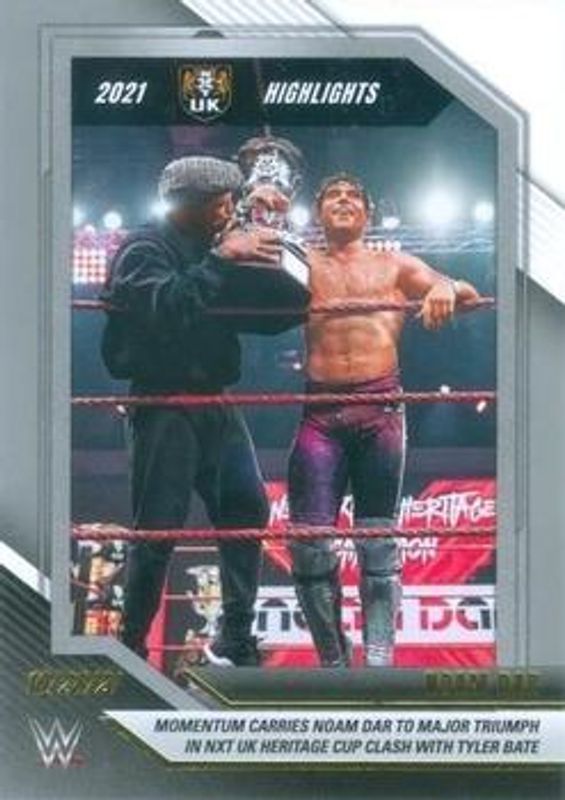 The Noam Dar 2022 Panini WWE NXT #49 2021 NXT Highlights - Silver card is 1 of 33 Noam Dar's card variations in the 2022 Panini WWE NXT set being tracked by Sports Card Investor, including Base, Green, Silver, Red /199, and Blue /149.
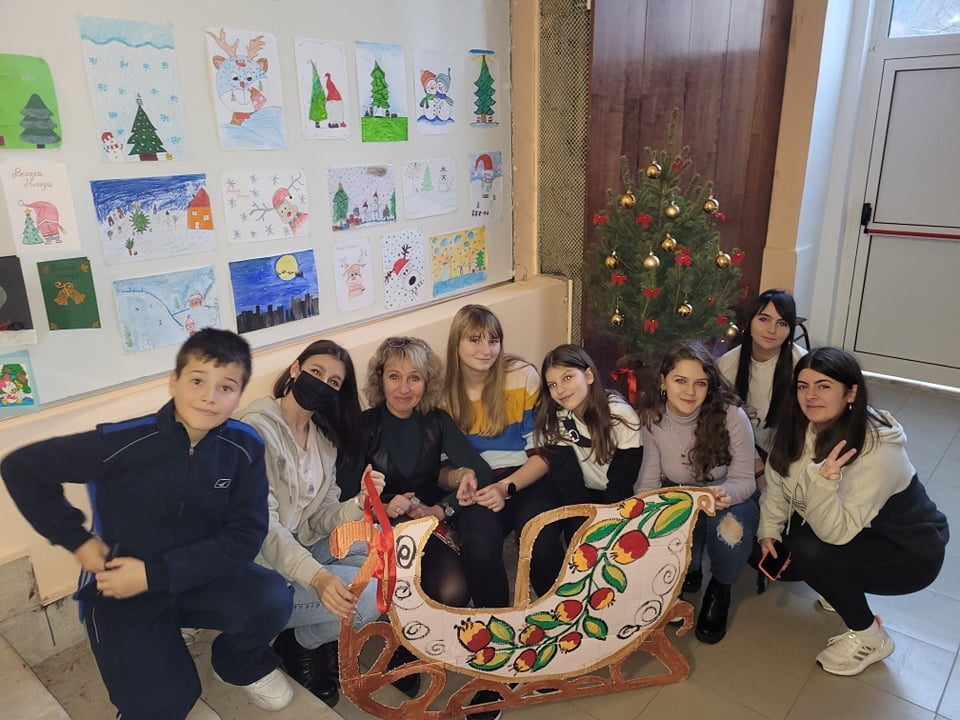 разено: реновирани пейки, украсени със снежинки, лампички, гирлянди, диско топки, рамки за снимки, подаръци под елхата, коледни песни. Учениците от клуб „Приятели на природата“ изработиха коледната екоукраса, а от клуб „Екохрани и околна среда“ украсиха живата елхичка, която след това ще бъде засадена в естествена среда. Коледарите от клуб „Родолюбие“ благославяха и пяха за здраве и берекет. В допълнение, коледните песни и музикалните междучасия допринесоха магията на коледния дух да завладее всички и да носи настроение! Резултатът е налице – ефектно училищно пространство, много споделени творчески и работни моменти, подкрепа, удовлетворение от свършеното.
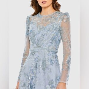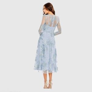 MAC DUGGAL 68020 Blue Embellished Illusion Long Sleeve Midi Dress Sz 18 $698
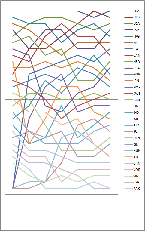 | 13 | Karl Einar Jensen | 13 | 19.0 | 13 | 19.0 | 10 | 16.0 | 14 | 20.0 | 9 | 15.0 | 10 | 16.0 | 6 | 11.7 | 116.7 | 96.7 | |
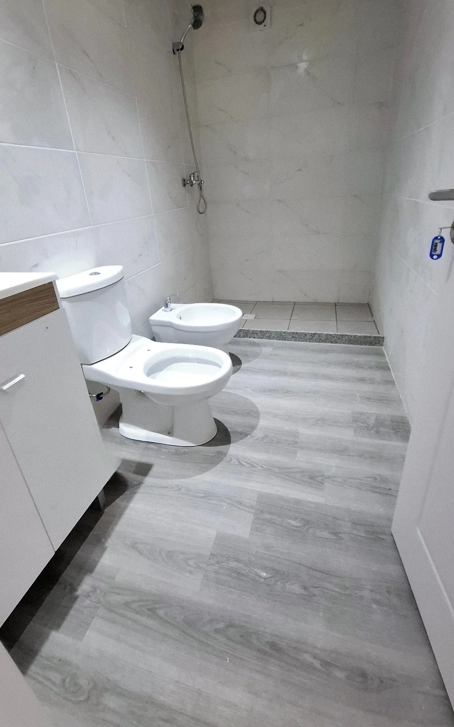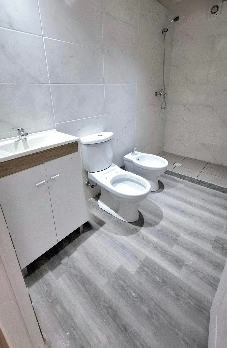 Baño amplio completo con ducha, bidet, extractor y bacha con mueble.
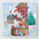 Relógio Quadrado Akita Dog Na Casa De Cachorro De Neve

-------------------------

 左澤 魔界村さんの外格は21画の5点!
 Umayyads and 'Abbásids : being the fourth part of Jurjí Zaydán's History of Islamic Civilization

-------------------------

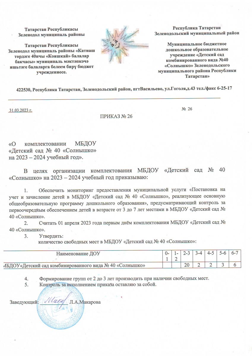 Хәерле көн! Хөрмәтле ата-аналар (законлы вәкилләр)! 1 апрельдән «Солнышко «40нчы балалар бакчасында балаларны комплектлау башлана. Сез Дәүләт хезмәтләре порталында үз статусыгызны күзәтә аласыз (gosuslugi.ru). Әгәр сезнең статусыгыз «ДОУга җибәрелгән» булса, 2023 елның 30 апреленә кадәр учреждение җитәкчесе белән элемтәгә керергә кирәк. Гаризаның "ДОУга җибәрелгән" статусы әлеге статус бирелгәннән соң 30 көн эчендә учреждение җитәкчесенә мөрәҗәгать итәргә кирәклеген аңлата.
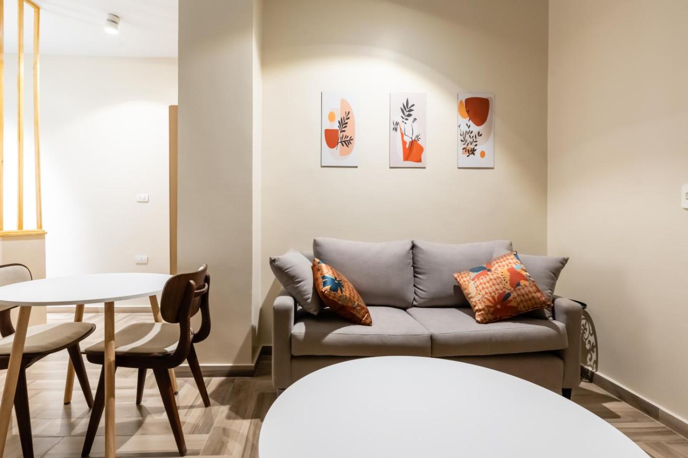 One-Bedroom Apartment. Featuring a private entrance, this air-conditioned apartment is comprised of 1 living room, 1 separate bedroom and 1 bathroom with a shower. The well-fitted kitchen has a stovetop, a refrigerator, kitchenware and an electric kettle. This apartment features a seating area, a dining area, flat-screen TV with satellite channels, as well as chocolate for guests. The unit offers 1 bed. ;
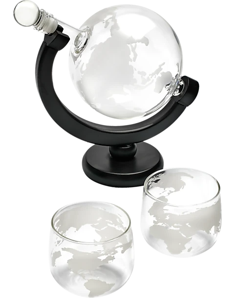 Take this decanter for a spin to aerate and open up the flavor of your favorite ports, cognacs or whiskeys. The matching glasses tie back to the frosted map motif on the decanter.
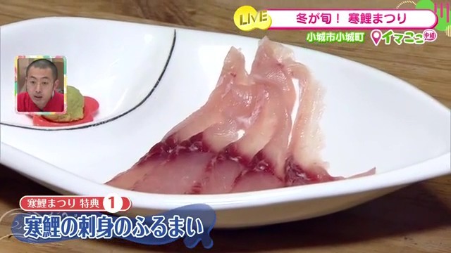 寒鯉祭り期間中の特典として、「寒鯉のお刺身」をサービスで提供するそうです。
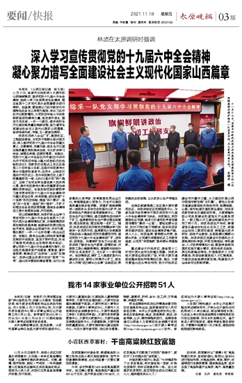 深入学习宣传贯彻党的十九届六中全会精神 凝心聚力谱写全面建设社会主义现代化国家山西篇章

-------------------------

> **Activity**:
Copy exactly, without pictures, the lines above from the one with "The Noam Dar" down to the one with "MAC DUGGAL 68020", inclusive.

> **Reply**:
 The Noam Dar 2022 Panini WWE NXT #49 2021 NXT Highlights - Silver card is 1 of 33 Noam Dar's card variations in the 2022 Panini WWE NXT set being tracked by Sports Card Investor, including Base, Green, Silver, Red /199, and Blue /149.
 разено: реновирани пейки, украсени със снежинки, лампички, гирлянди, диско топки, рамки за снимки, подаръци под елхата, коледни песни. Учениците от клуб „Приятели на природата“ изработиха коледната екоукраса, а от клуб „Екохрани и околна среда“ украсиха живата елхичка, която след това ще бъде засадена в естествена среда. Коледарите от клуб „Родолюбие“ благославяха и пяха за здраве и берекет. В допълнение, коледните песни и музикалните междучасия допринесоха магията на коледния дух да завладее всички и да носи настроение! Резултатът е налице – ефектно училищно пространство, много споделени творчески и работни моменти, подкрепа, удовлетворение от свършеното.
 MAC DUGGAL 68020 Blue Embellished Illusion Long Sleeve Midi Dress Sz 18 $698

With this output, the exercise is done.